Say there were 100 days (since all figures are in terms of percentages, we can assume a number to simplify our understanding).

Information from the question stem: 6 or more cakes were sold for 20% of the days

So for 20 days, 6 or more cakes were sold.

Then for 80 days, 1/2/3/4/5 cakes were sold.

Question: Is the median number of cakes sold in one day less than 4?

We know how to get the median. When we arrange all figures in increasing order, the median will be the average of the 50th and the 51st terms. We need to know if the average of the 50th and 51st term is less than 4.

Statement 1: On 75% of the days that less than 6 cakes were sold, the number of cakes sold each day was less than 4.

No of days that less than 6 cakes were sold = 80

75% of these 80 days will be 60 days. On 60 days, less than 4 cakes were sold. So the 50th and 51st terms will be less than 4 and so will their average. Hence, the median will be less than 4.

This statement alone is sufficient.

Statement 2: On 50% of the days that 4 or more cakes were sold, the number of cakes sold each day was 6 or more.

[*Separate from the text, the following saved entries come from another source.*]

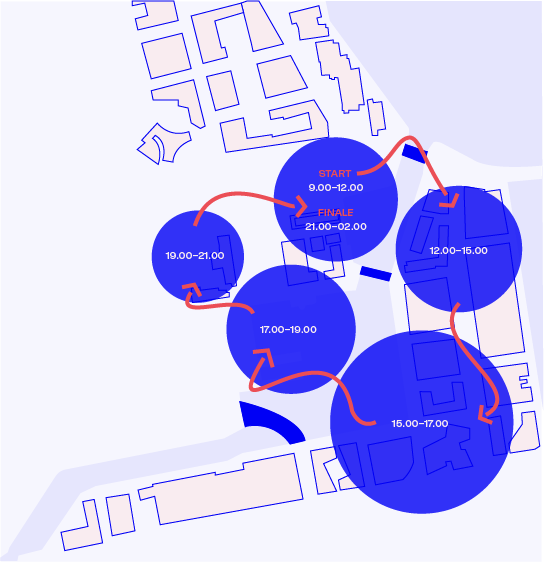 THE SUMMER BLOCK PARTY’S GEOGRAPHICAL FOCUS MOVES WITH THE SUN AROUND SÖDRA VARVSBASSÄNGEN. EACH LOCATION COMES ALIVE WITH ACTIVITIES IN ITS OWN TIME, BUILDING FROM EARLY MORNING INTO A SHARED NIGHT FINALE.
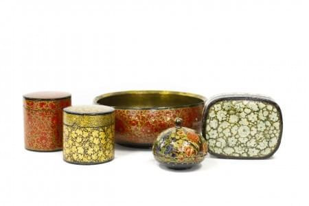 4112. 4 boîtes et 1 jatte à décor de fleurs rouges blanches et or sur...
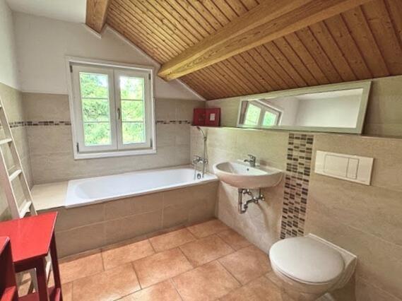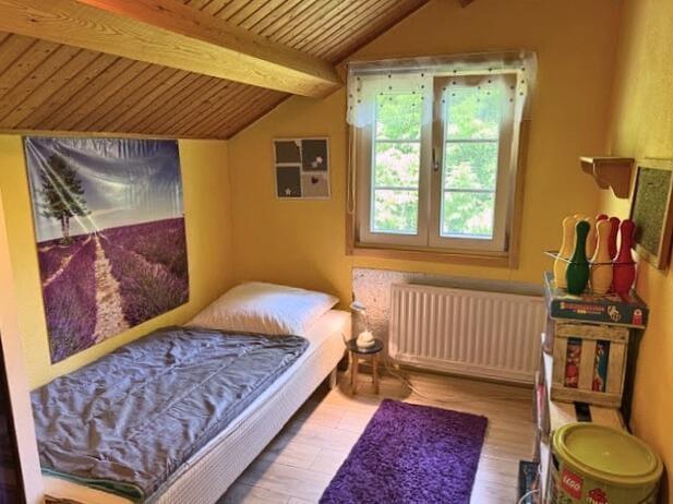 På overetagen findes de to øvrige soveværelser, hvoraf det ene – ligesom i stueetagen – har en dobbeltseng og det andet en enkeltseng. Badeværelset på øverste etage har toilet og badekar.
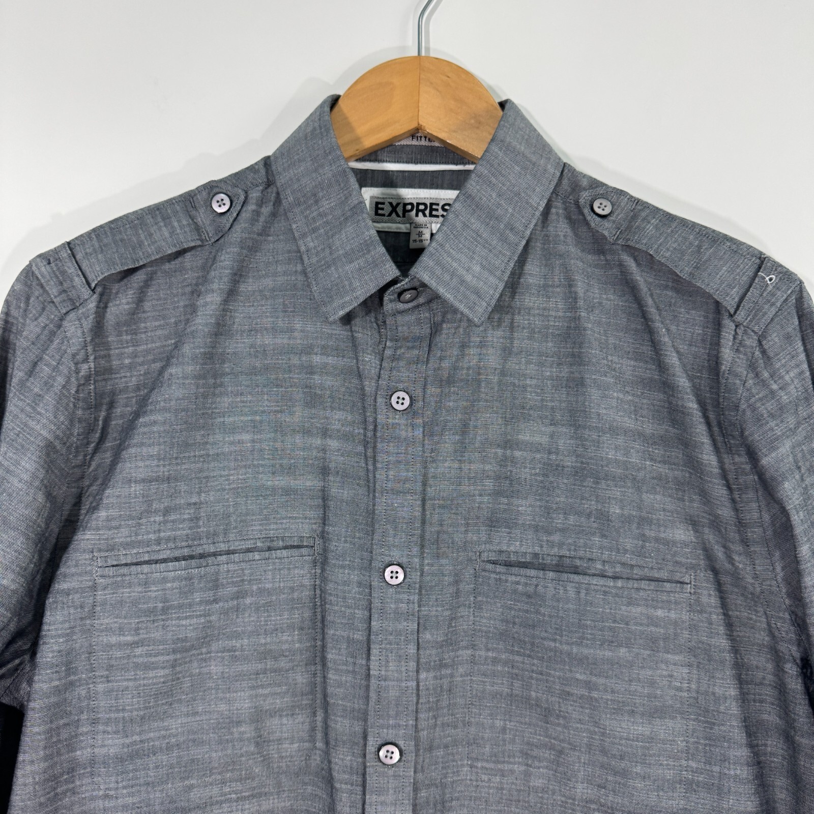 Express Men s Size Medium 15-15.5 Gray Heather Button Up Casual Dress Shirt
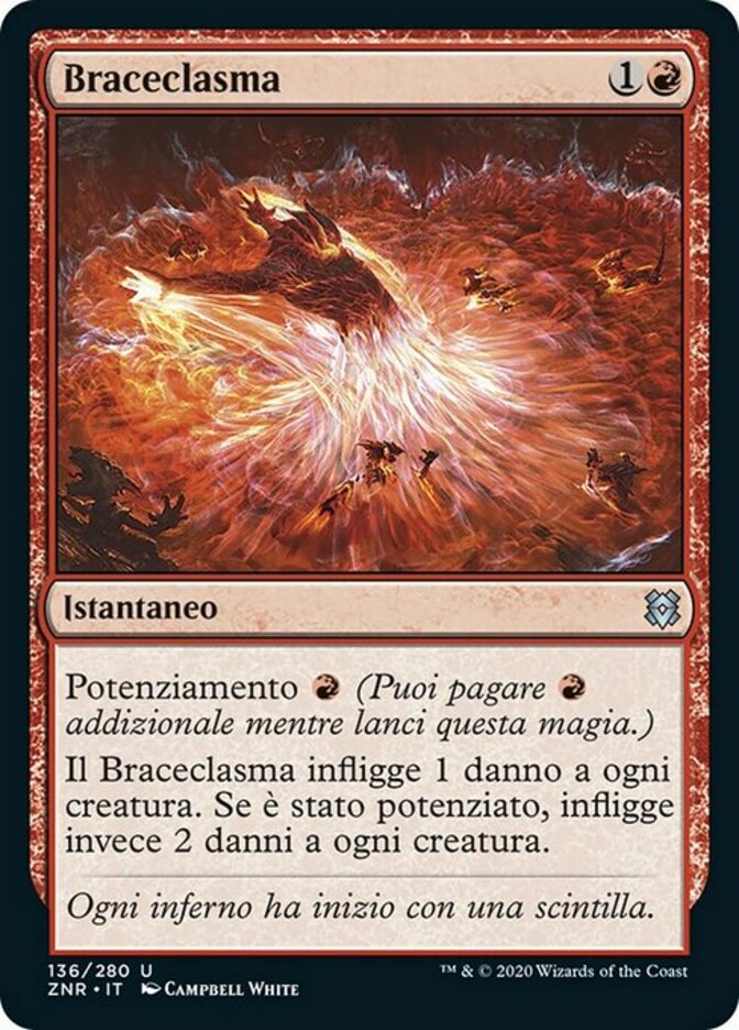| Rules | Kicker (You may pay an additional as you cast this spell.) Cinderclasm deals 1 damage to each creature. If it was kicked, it deals 2 damage to each creature instead. |
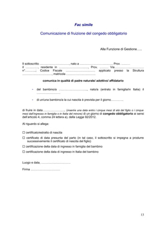 PDF MOD. 32 - DOMANDA DI CONGEDO PARENTALE - Ferrara non ha usufruito né usufruisce di periodi di congedo parentale; o in alternativa o non ha diritto a congedo parentale in quanto: lavoratore autonomo; non lavoratore. Il/La sottoscritto/a è consapevole che: è soggetto alle sanzioni previste dal codice penale e dalle leggi speciali in materia qualora rilasci Modulo richiesta congedo di paternità: fac simile DOC, PDF Il modello in questione serve a richiedere il congedo di paternità obbligatorio (ed eventualmente facoltativo) direttamente al datore di lavoro. In pratica con questo modulo il lavoratore chiede al proprio datore di astenersi dal lavoro per via della nascita o dell'ingresso in famiglia (in caso di adozione/affidamento) di un minore. RICHIESTA DI CONGEDO PARENTALE dell'inizio del congedo L'istanza di fruizione di congedo parentale deve essere presentata, salvo casi di oggettiva impossibilità, almeno 5 gg. prima della fruizione (D.Lgs. n. 151/2001, Art. per il congedo a giorni, 2 gg prima per il congedo ad ore 32, c. 3.). Il congedo parentale può essere fruito anche in modo frazionato. Tra un periodo (anche solo di un Congedo matrimoniale: modulo richiesta, entro quando, assegno Leggi anche Come funziona il congedo parentale. Assegno congedo matrimoniale. La retribuzione erogata dall'INPS in caso di congedo matrimoniale è un diritto per gli operai, gli apprendisti, i lavoratori a domicilio, i marittimi di bassa forza, e i dipendenti da aziende industriali, artigiane, cooperative.
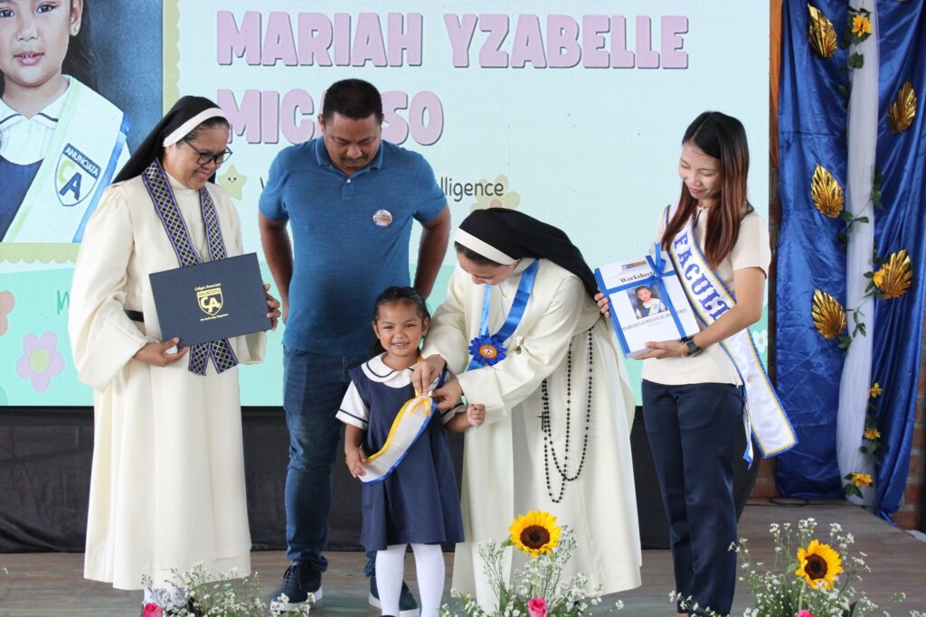 Por la tarde se celebraron la 8ª ceremonia de graduación de 6º de Primaria y la 5ª ceremonia de promoción de Secundaria (7º a 10º). En representación de la Hermana Jocelyn, participó la Hermana Joanne U. Ocal, OP. Durante el evento se reconocieron los logros académicos y personales de los alumnos, destacando el premio a los “Model Students”, otorgado a quienes sobresalieron por su conducta, disciplina y excelencia académica.
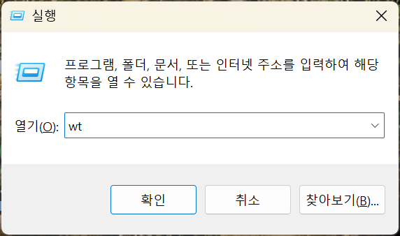 이후로는 윈도우키+r 을 누르고 wt 입력하고 Windows Terminal 을 실행할 수 있음
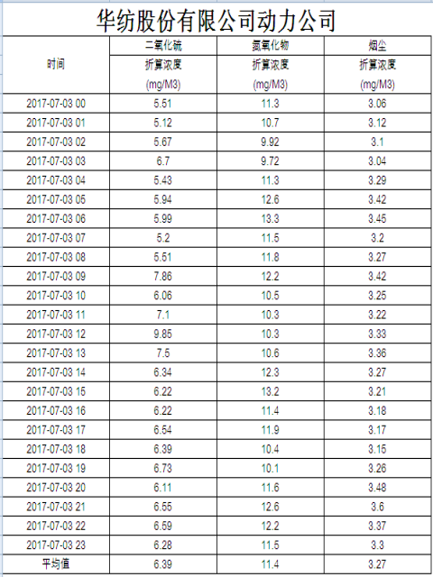 煙氣排放數據信息公開2017.7.4數據
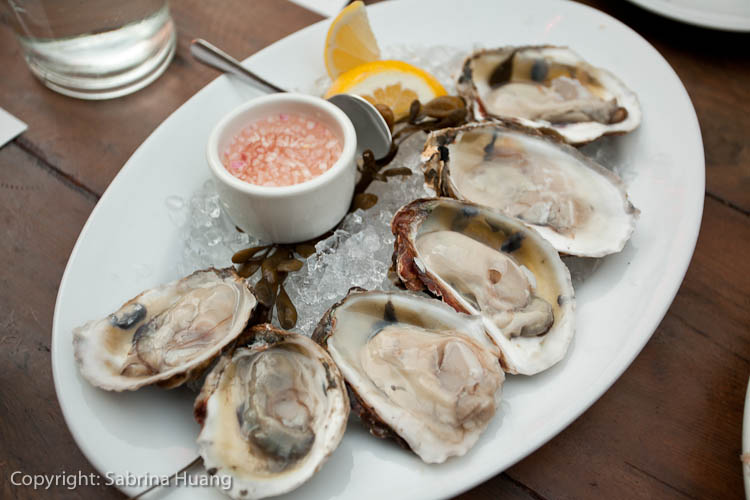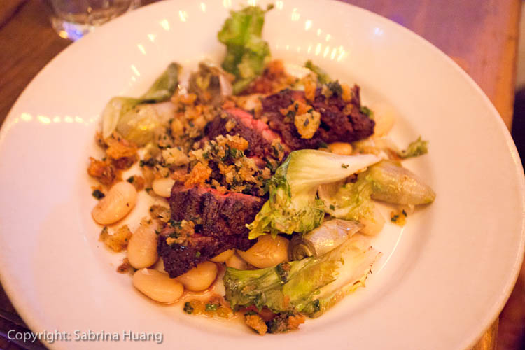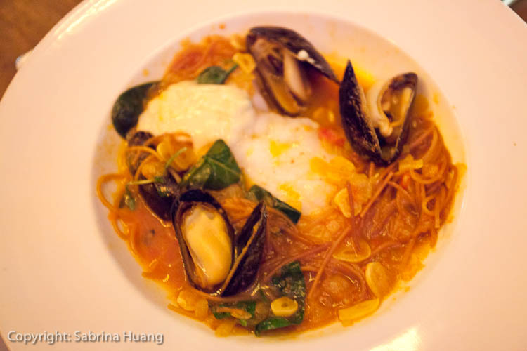 她們的菜單常換, 前菜的選擇不少, 主菜只有六種, 不過當晚我們這桌六人各有二人點一樣的, 所以最後只有四道菜可拍. 有趣的是, 美國老公們都點肉 (羊肉和牛肉), 亞州太太都點海鮮.
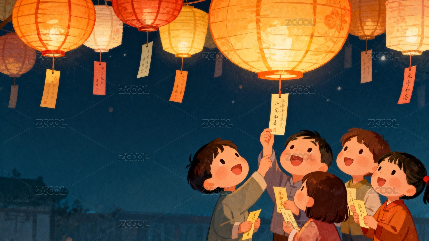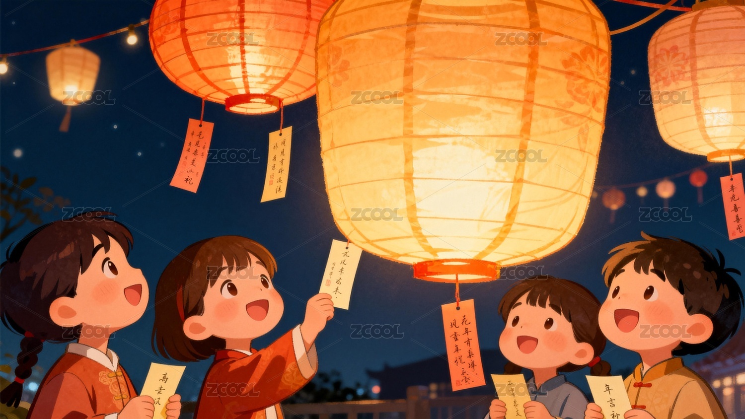 孩童赏灯猜谜夜
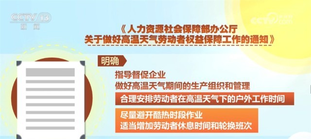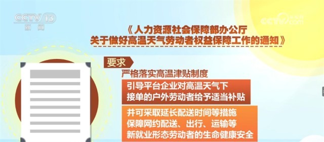 央視網消息:近日,人力資源和社會(hui) 保障部就做好高溫天氣勞動者權益保障工作印發《通知》。其中,對快遞、外賣人員等靈活就業(ye) 人員的高溫天氣下如何保障做出了專(zhuan) 門的要求。
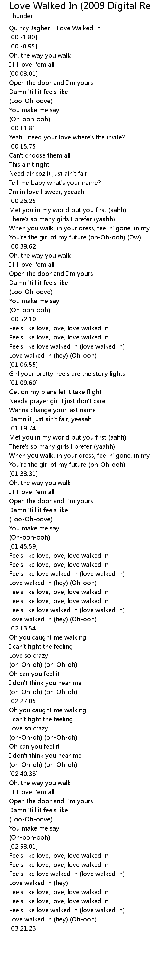 | [03:17.73] | Love walked in (hey) (Oh-ooh) |
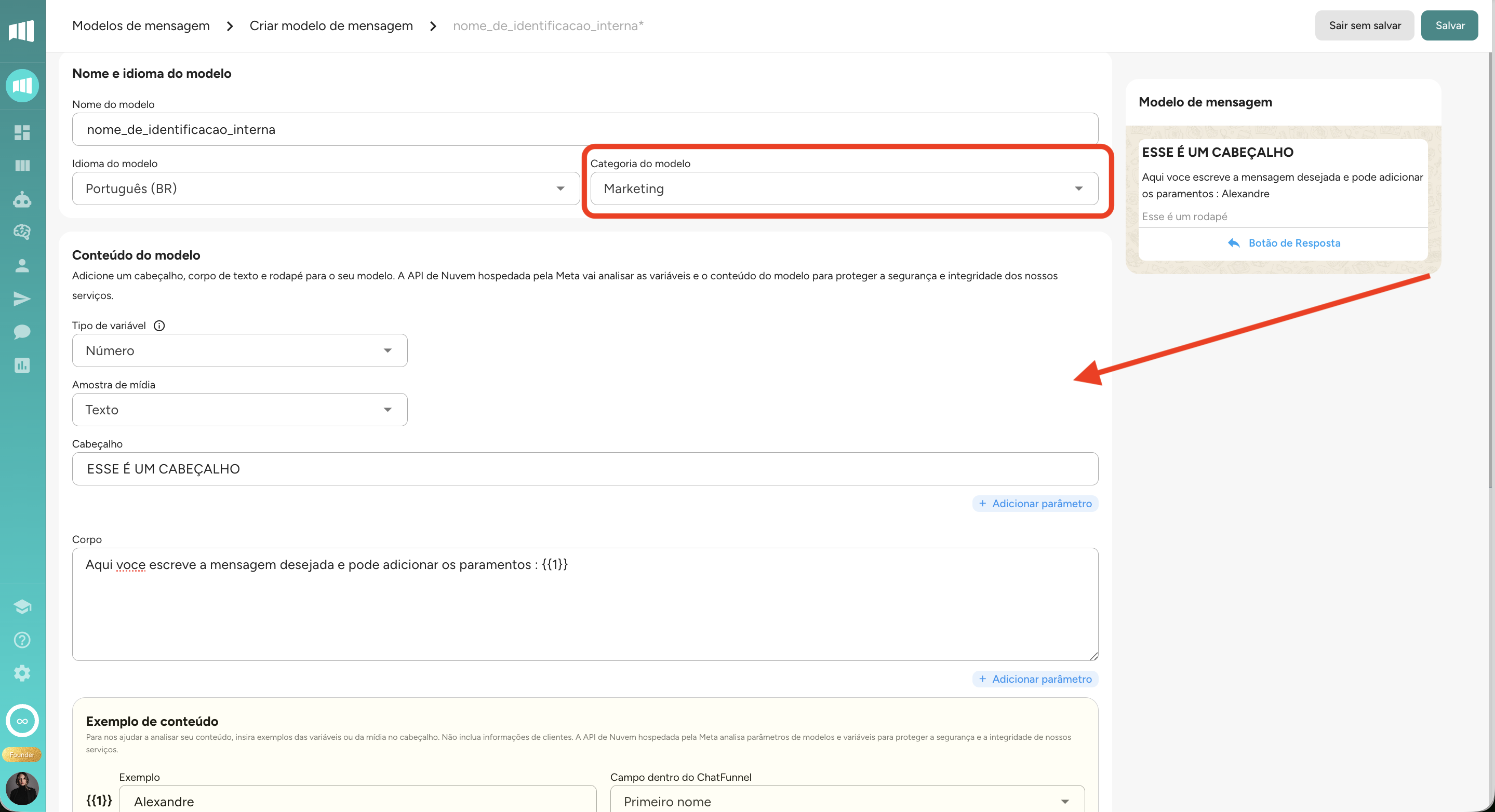 Após feito o modelo é enviado para a aprovação da META e identificação da categoria de mensagem que pode ser Marketing ou Utilidade, cada uma tem um custo de envio especifico.
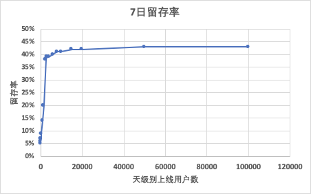 互联网的本质就是一张信息网络,互联网产品普遍具有网络效应,而社交类产品则更加依赖于网络效应,边际成本下降明显,边际收益上升明显。那某个社交产品如何评估网络效应的强弱,或者说达到多少才是合适的呢。前两天跟一个朋友交流陌生人社交,他们有一个观点就是在可互动 ( 比如基于LBS的产品,可互动指的是距离不能大于某个值 ) 的用户每日用户数需要达到2000以上,7日留存在40%以上,这个产品是初具网络效应的,值得投入持续拉新最大的 ( 当然上述2000和40%会被具体产品的用户活跃情况、性别比例、产品特性决定 )。比如可以分析每个区块 ( 比如同城 ) 中人数对整体活跃度的影响,最终可以画出如下的图表,随着用户增长,拐点会出现 ( 拐点可能就是magic number ),规模临界点前后的差异巨大。当然下图需要在用户体量增加时做好匹配,不然用户量的上升可以使体验下降,继而带来留存的下降。
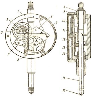 1 – корпус, 2 – пружинный волосок, 3 – зубчатое колесо, z = 100, 4 – кронштейн, 5 – пружина, 6 – кронштейн, 7 – крышка, 8 – втулка, 9 – поворотное кольцо, 10 – стрелка отсчетных сотых долей миллиметра, 11 – зубчатое колесо, z = 10, 12 – зубчатое колесо, z = 100, 13 – зубчатое колесо, z = 16, 14 – циферблат, 15 – измерительный стержень, 16 – шарик.
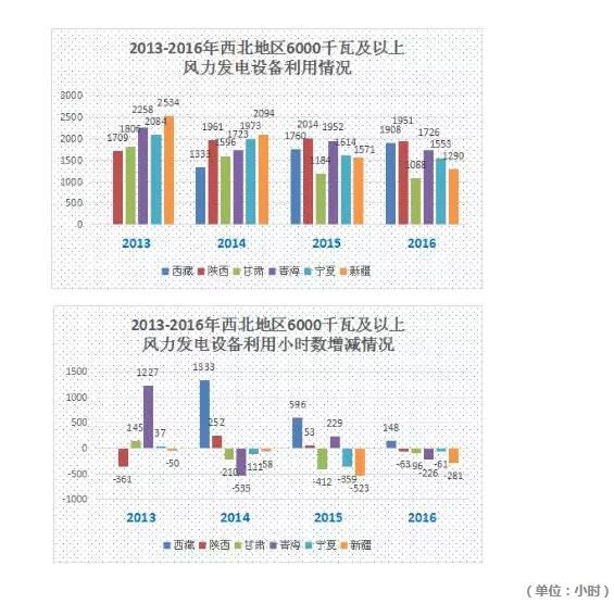 综合数据显示,西北地区已经成为我国风电设备平均利用小时数下滑最为严重的地区。除了西藏之外,其余省份均已经连续三年大幅度下滑。
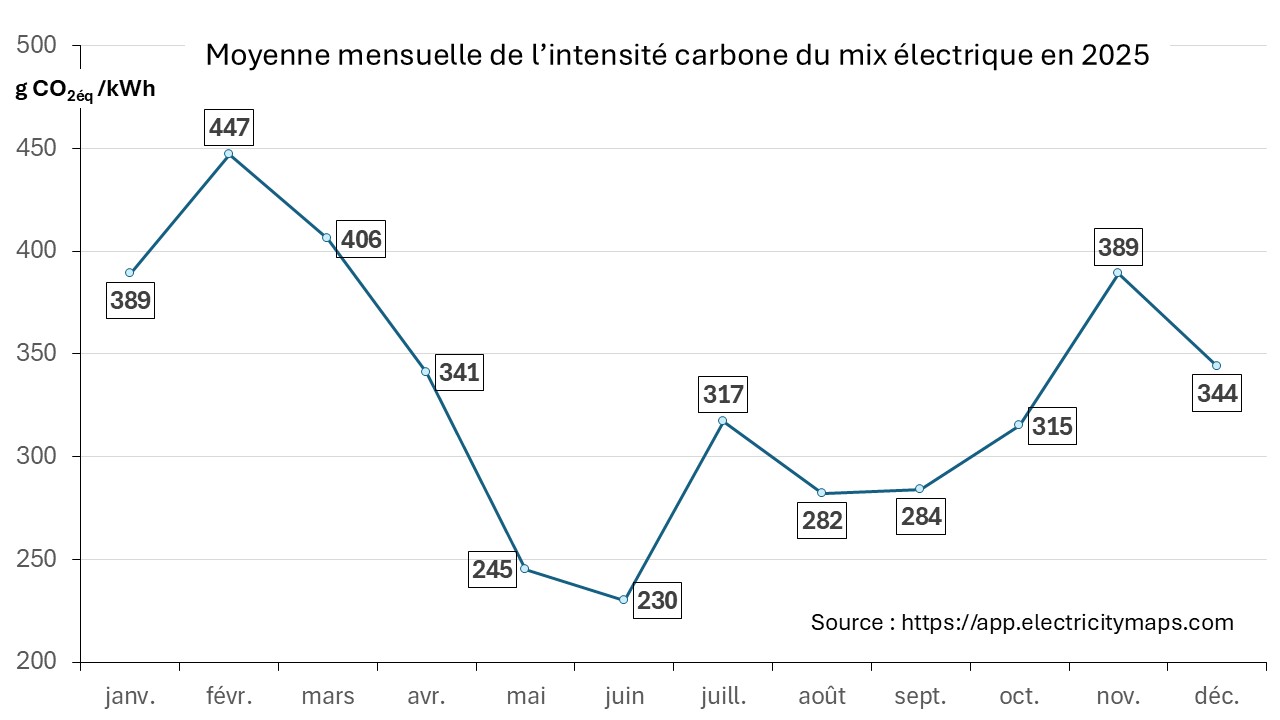 L’évolution de l’intensité carbone au cours de l’année montre bien que la valeur lissée sur l’année n’est pas significative à elle seule. En fin d’automne et en hiver, lorsque la production du photovoltaïque est généralement plus faible, l’intensité carbone peut dépasser les 400 g CO2eq /kWh si cela coïncide avec des épisodes de faible production éolienne comme par exemple en février et mars 2025, cf. figure 16 (Electricity Maps 2026).

On 20 days, 6 or more cakes were sold. This constitutes 50% of the days on which 4 or more cakes were sold. So on another 20 days, 4 or 5 cakes were sold.

Hence on the leftover 60 days, less than 4 cakes were sold. So the 50th and 51st terms will be less than 4 and so will their average. Hence, the median will be less than 4.

This statement alone is sufficient.

All we needed to worry about here were the 50th and 51st terms. The whole scene changes when we talk about mean instead of median.

Same Question on Mean

At a bakery, cakes are sold every day for a certain number of days. If 6 or more cakes were sold for 20% of the total number of days, is the average number of cakes sold less than 4?

Statement 1: On 75% of the days that less than 6 cakes were sold, the number of cakes sold each day was less than 4.

Statement 2: On 50% of the days that 4 or more cakes were sold, the number of cakes sold each day was 6 or more.

Solution:

Information from the question stem: 6 or more cakes were sold for 20% of the days

So for 20 days, 6 or more cakes were sold.

Then for 80 days, 1/2/3/4/5 cakes were sold.

Question: Is the average number of cakes sold in one day less than 4?

This question asks us about the average. That is far more complicated than the median. Every value matters when we talk about the average. We need to know the number of cakes sold on each of these 100 days to get the average.

6 or more cakes were sold on 20 days. Note that the number of cakes sold on these 20 days could be any number greater than 6 such as 20 or 50 or 120 etc. The minimum number of cakes sold on these 20 days would be 6*20 = 120

There is no limit to the maximum number of cakes sold.

Statement 1: On 75% of the days that less than 6 cakes were sold, the number of cakes sold each day was less than 4.

On 80 days, less than 6 cakes were sold. Of this number, 75% is 60 days. On 60 days, less than 4 cakes were sold.

So on 60 days, you have minimum 1*60 = 60 cakes sold and maximum 3*60 = 180 cakes sold.

On the leftover 20 days, 4 or 5 cakes were sold so minimum of 4*20 = 80 cakes and a maximum of 5*20 = 100 cakes.

The minimum value of the average is (120 + 60 + 80)/ 100 = 2.6 cakes

The maximum average could be anything.

This statement alone is not sufficient.

Statement 2: On 50% of the days that 4 or more cakes were sold, the number of cakes sold each day was 6 or more.

The 20 days when 6 or more cakes were sold make up 50% of the days when 4 or more cakes were sold. So for another 20 days, 4 or 5 cakes were sold so minimum of 4*20 = 80 cakes and a maximum of 5*20 = 100 cakes.

For 60 days, 1/2/3 cakes were sold. So on 60 days, you have minimum 1*60 = 60 cakes sold and maximum 3*60 = 180 cakes sold.

The minimum value of the average is (120 + 60 + 80)/ 100 = 2.6 cakes

The maximum average could be anything.

This statement alone is not sufficient.

Note that both statements give you the same information. So if they are not sufficient independently, they are not sufficient together.

Answer of this modified question would be (E)

Note that here we had to assume the minimum and maximum value for each data point to get the range of average. We couldn’t just rely on one or two data points. We need much more information to get the answer to what the mean is.